Wypowiedź prezydenta Polski Andrzeja Dudy po zakończeniu wideokonferencji zorganizowanej przez prezydenta USA Joe Bidena z udziałem sojuszników z Unii Europejskiej i NATO.
W spotkaniu udział wzięli, oprócz oczywiście prezydenta Polski, przywódcy Francji, Niemiec, Włoch, Japonii, Rumunii, Wielkiej Brytanii, przewodnicząca Komisji Europejskiej, przewodniczący Rady Europejskiej, sekretarz generalny NATO.
Po zakończeniu wideokonferencji prezydent Andrzej Duda zrelacjonował, że rozmowy dotyczyły przede wszystkim sytuacji na Ukrainie i narastającego konfliktu, agresji ze strony Rosji, w tym sformułowanej wczoraj przez Władimira Putina groźbie atomowej.
Prezydent zapewnił, że sojusznicy są absolutnie zjednoczeni, że jest pełna koordynacja.

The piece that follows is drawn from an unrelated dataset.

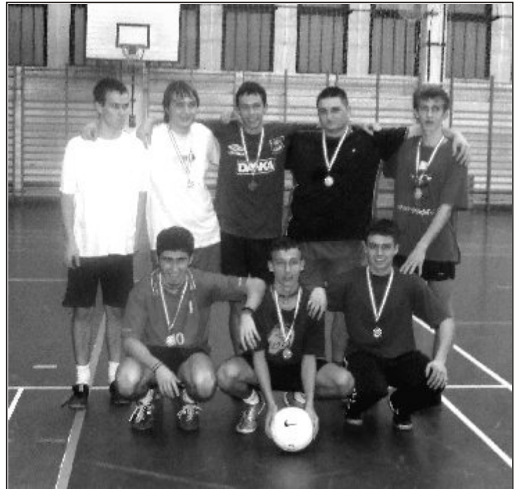
A 12. E osztály győztes csapata

Dodał, że "stanowimy jedno i absolutnie nikt się nie wyłącza, nikt nie chce iść swoją drogą, wszyscy doskonale sobie zdają sprawę, że w tej ogromnie trudnej sytuacji poradzimy sobie tylko razem".
Podkreślił, że wszyscy jednogłośnie mówią o trwaniu przy Ukrainie i że trzeba ją bronić.
"Absolutnie nie ulegniemy żadnemu szantażowi" - oświadczył prezydent.
Powiedział również, że cały czas trwają konsultacje dotyczące nałożenia kolejnych sankcji na Rosję, które spowodują "deeskalację rosyjskich agresywnych zachowań".
"Nie sposób tolerować tego, że giną dzieci. Nie sposób tolerować tego, że bombardowane są osiedla mieszkalne, że zabija się ludzi. To jest coś strasznego!" - powiedział prezydent Andrzej Duda. "Jest to absolutnie porażające!" - dodał.
"Musimy uczynić wszystko, aby ta wojna się zakończyła".
Prezydent przekazał, że padło też wiele słów solidarności wobec Polaków. Andrzej Duda podziękował Polakom za okazywaną pomoc i wielkie serce.
"Byłem przekonany, że jesteśmy właśnie takim społeczeństwem - ludźmi otwartymi, którzy z sercem na dłoni są gotowi pomagać, tym którzy znaleźli się w trudnej sytuacji (...) Świat to widzi."
Prezydent ma nadzieję, że przebywający do Polski uchodźcy będą mogli spędzić w naszym kraju spokojny i bezpieczny czas, a potem będą mogli wrócić do swoich domów i do normalnego życia.
Andrzej Duda zaznaczył również, że codziennie rozmawia z prezydentem Wołodymyrem Zełenskim. "Staram się zrealizować wszystkie zapotrzebowania, które są z tamtej strony zgłaszane prosząc naszych sojuszników o to, aby to co potrzebne jest Ukrainie do tego, by przetrwać, (...) by była niesiona pomoc humanitarna, żebyśmy to wszystko zapewnili".
Na koniec prezydent podkreślił jedność Zachodu i solidarne trwanie u boku Ukrainy w tym trudnym czasie.